◆ **Your assignment**
One part of the entries below is wanted: the lines from the one containing "Cette tasse à" through the one containing "Fun 27th Birthday". Write those out exactly and nothing else.

◆ **Study material**
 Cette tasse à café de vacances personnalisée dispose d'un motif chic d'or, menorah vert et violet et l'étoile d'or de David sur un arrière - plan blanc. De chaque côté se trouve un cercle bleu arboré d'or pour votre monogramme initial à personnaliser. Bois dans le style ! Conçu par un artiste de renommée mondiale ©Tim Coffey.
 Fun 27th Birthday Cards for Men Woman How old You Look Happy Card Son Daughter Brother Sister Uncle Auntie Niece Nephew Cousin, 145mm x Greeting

--

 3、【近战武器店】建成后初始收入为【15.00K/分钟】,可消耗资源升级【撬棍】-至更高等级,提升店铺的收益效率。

◆ **Final answer**
 Cette tasse à café de vacances personnalisée dispose d'un motif chic d'or, menorah vert et violet et l'étoile d'or de David sur un arrière - plan blanc. De chaque côté se trouve un cercle bleu arboré d'or pour votre monogramme initial à personnaliser. Bois dans le style ! Conçu par un artiste de renommée mondiale ©Tim Coffey.
 Fun 27th Birthday Cards for Men Woman How old You Look Happy Card Son Daughter Brother Sister Uncle Auntie Niece Nephew Cousin, 145mm x Greeting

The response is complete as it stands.